OK, was able to get me ahold of some POR15 Silver. I also got the Metal Prep. Will be trying this over the weekend after I sand the heck out of the metal pieces I will be painting. I will let you know how it all went.

But be aware the guy at the store told me to be careful with the blasted paint! He told me "wherever this lands, that's where it will stay. Even your fingers!
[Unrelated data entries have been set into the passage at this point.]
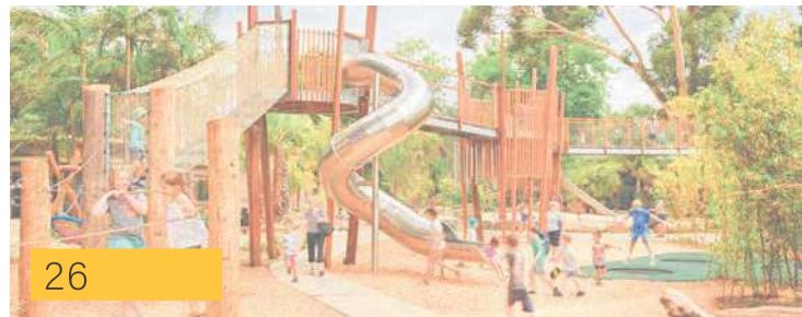
Large play structure for larger groups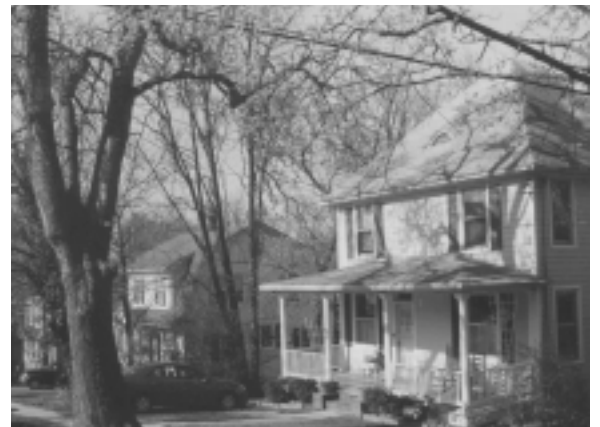
Linthicum Heights Historic District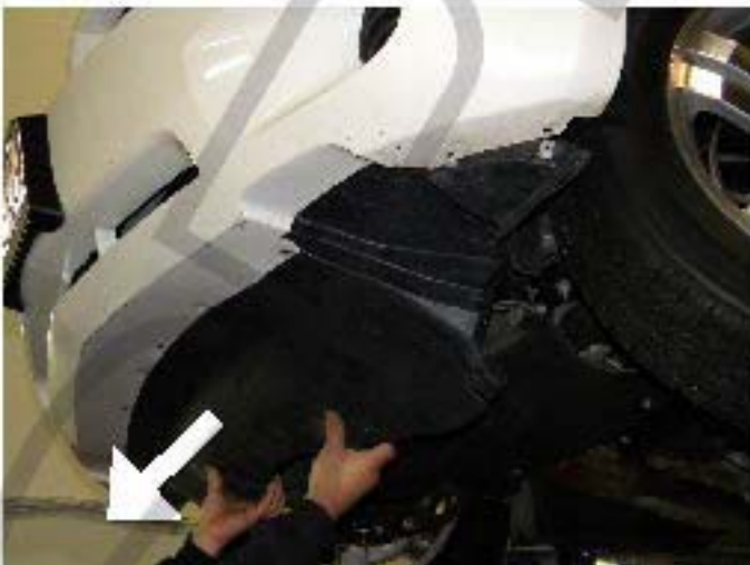
9. Remove the cover: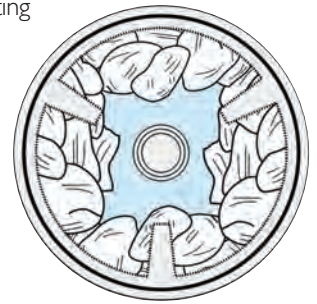
*E-P Plus® only.

5 Milnor's cylinders have efficient inverter drives that produce three speeds for optimum washing.* Three speed washing (along with higher ribs) allows for optimum mechanical action factor (M.A.F.). The distribution speed prevents vibration during extract by evenly distributing the goods to the periphery of the basket. This insures optimum moisture extraction and reduces dry times. The final extract speed is keyed towards today's fabrics. Coupled with a big cylinder (which means a thinner layer of goods for water to pass through) and large perforations, you have better extraction in a Milnor.

If you get them on your skin, it will take months for it to wear out!"

I find it hard to believe paint can take months to get out of my skin, but I will certainly be using gloves!


----------



## projectnut (Jun 27, 2017)

I used some a couple weeks ago to paint the propane tank on our motorhome.  Unbeknownst tome I must have touched the tank with my leg.  I still have a bright silver mark about 3" long on my left calf.  A few tips when using the paint:

1.   Use disposable brushes,  one for every coat.  It cost more for the solvent to clean them than it does to use the brush once and throw it away. 

2.  Don't shake the paint to mix it.  You'll get air bubbles in it and never be able to brush them out.
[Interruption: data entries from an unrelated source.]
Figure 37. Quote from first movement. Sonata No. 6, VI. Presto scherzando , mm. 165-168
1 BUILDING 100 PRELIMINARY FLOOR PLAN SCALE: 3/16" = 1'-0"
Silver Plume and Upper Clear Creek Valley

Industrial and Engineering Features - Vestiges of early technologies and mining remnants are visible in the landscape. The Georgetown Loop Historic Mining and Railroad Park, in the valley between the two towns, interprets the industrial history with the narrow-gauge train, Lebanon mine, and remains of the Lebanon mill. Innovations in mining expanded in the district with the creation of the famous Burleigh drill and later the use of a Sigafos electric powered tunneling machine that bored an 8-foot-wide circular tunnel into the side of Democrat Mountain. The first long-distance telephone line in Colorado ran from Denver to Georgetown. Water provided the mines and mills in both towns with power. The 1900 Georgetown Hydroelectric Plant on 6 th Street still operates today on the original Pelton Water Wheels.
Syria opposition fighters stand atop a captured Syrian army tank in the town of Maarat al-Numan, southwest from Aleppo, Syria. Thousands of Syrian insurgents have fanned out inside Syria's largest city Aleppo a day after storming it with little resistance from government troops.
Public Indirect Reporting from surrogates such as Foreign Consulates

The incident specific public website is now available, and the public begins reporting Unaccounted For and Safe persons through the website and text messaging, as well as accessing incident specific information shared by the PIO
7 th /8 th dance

3.  Wear disposable rubber gloves for obvious reasons.

4.  Don't use the paint straight out of the can,  pour some in a disposable container.  Continually dipping the brush in the can will transfer moisture from the air and the surface being painted into the can.  Moisture is what cures the paint.  With moisture in the can it'll become a rock in a short period of time.

5.  After pouring some paint in a disposable container place a piece of saran wrap over the open can and replace the lid.  The saran wrap will keep the paint on the lid from adhering to the can, and vice versa.  If you do get paint between the lid and the can you'll never get it off.
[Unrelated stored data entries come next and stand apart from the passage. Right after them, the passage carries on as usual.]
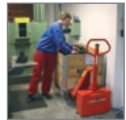
Patented cylinder construction gives low overall height.

We also offer tailor-made solutions. Please ask for further information.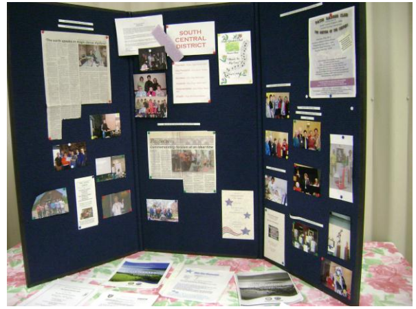
One of the table displays. This display is from South Central along with information for all to pick up and take.

All Smokey Bear and Woodsy Owl came from the Delphinium Garden Club - NW District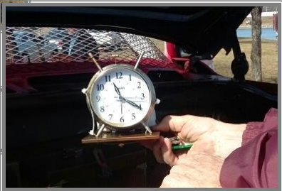
The Clock is Read Winning Time is Determined

6.  Store the unused portion of the paint in a refrigerator if possible.  Refrigeration will make it last longer.  My first can lasted about 5 years and a second use when kept in a cool dry basement with saran between the top and the can.  I finally had to throw the remnants away last month and buy a new can.

7.  Make sure you use it in an area with plenty of ventilation and no open flames or pilot lights.  It's highly flammable, and the fumes are noxious.

8.  No petroleum or citrus based solvents or cleaners will remove the paint from any surface.  It literally has to be sanded or chipped off if it lands on the floor or another surface.


----------



## 4GSR (Jun 27, 2017)

Well, scratch this one off my list.  i can't paint nothing without getting it on me, the floor, the cat, and anything in the path of the paint brush.  So little winds up on the stuff I'm painting.


----------



## CNC Dude (Jun 28, 2017)

Your problem is super simple to solve! Just take a day to paint your floor, your cat and EVERYTHING in the path of your paintbrush, and chances are you will end up painting that thing you thought you couldn't paint ;-)


----------



## brino (Jun 28, 2017)

CNC Dude said:


> Just take a day to paint your floor, your cat and EVERYTHING in the path of your paintbrush, and chances are you will end up painting that thing you thought you couldn't paint ;-)



I picture the Mr. Bean painting method.







-brino


----------



## 4GSR (Jun 28, 2017)

brino said:


> I picture the Mr. Bean painting method.
> 
> 
> 
> ...


Brino,

Tempting.....Don't give me any ideas!!!!

Ken


----------